Others watching how things will play out, like Bates Gill, professor of Asia-Pacific Security Studies at Australia’s Macquarie University, warn that this could be just the beginning.

“Both sides, China on one side and other advanced, typically liberal democracies on the other, will be testing the other to see how much pain they can tolerate,” observed Gill.

“There is much more decoupling that can happen, and we should expect it, especially in areas of high-tech trade, investment, and access to capital markets.”

Urge to boycott

ALREADY major companies are feeling the heat of the political firestorm surrounding the diplomatic crisis, as Chinese consumers are being urged to boycott Western brands.

The retailers, among them H&M and Nike, face boycotts because of stands they’ve taken in the past against the alleged use of forced Uighur labour to produce cotton in Xinjiang.
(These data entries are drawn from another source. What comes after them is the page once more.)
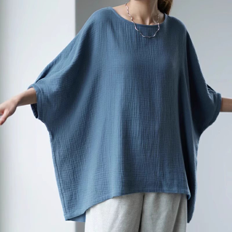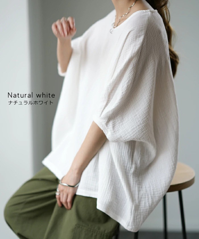 棉麻ブラウス レディース トップス 7分袖 ドルマン レース ドルマントップス 綿 コットン オーバーサイズ 透かし彫り 体型カバー ゆったり
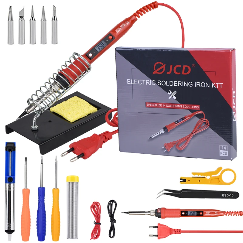 JCD Набор паяльника с регулируемой температурой, 220 В, 80 Вт, паяльные сварочные инструменты с ЖК дисплеем, керамические паяльные нагревательные жало, насос для распайки
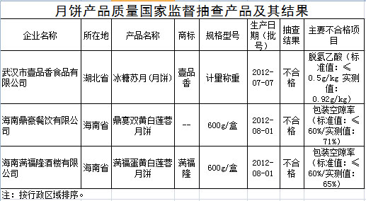 國家質(zhì)檢總局今日在其官網(wǎng)公布了2012年月餅產(chǎn)品質(zhì)量國家監(jiān)督抽查結(jié)果。結(jié)果顯示,本次共抽查320種月餅產(chǎn)品,壹品香、滿福隆等3種月餅不符合標(biāo)準(zhǔn)規(guī)定,不合格項(xiàng)目主要涉及脫氫乙酸、包裝空隙率項(xiàng)目。
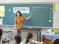 5時間目。1年生の教室では、楽しそうに音楽の勉強をしています。
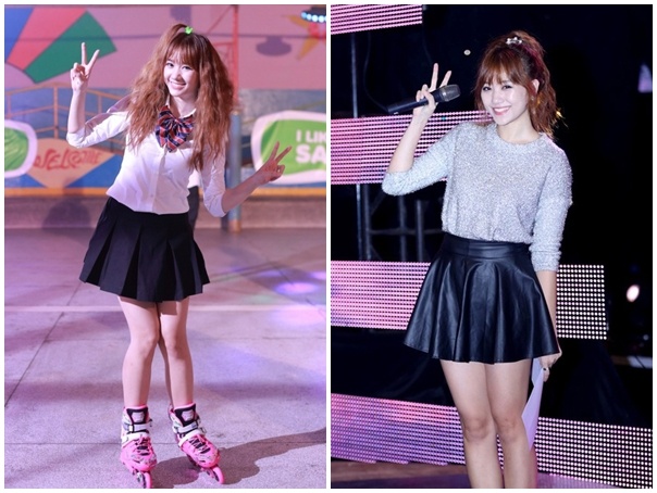 Để giữ hình ảnh đáng yêu, tươi trẻ trong mắt khán giả, nữ ca sĩ sinh năm 1984 thường diện váy ngắn, quần shorts, thiết kế màu trơn tối giản.

The outrage is said to have been triggered by a social media post from a group linked to China’s ruling Communist Party. The party newspaper Global Times also criticised statements by Burberry, Adidas, New Balance and Zara about Xinjiang as early as two years ago, but this new round of pressure on companies is by far the most intense for some time.

Dozens of Chinese celebrities have terminated contracts or said they will cut ties with the brands, while H&M, the world’s second-largest clothing retailer, has been pulled from major e-commerce sites.

On Friday, award-winning Chinese actress Zhou Dongyu terminated her contract with Burberry as the brand’s ambassador. Burberry had not “clearly and publicly stated its stance on cotton from Xinjiang”, her agency said on Thursday.

These latest boycotts will only up the ante in tensions between Beijing and the West that have run hot and cold for more than half a century.

Ultimately, say many geopolitical analysts, it’s this degree of interdependency between China and its rivals, who also double as its essential trading partners, that will determine how this crisis will play out. It’s worth remembering that whatever tit-for-tat trading of sanctions goes on, the US and China exchange more than half a trillion dollars in goods and services annually, making for one of the top three global bilateral trade relationships.

China, moreover, owns as much as $1 trillion in US sovereign debt, and is the largest market for many US firms. All this before even beginning to consider the EU and other trading partners with China.

So, are we looking at another Cold War with China? Few would call it that but what is currently playing out is undoubtedly a reshaping of a global trade and diplomatic landscape fashioned by new factors and not seen in years. While it’s certainly a lot more serious than “live action role-playing”, it’s still a far cry from the frosty embrace of its Cold War predecessor. At least so far anyway.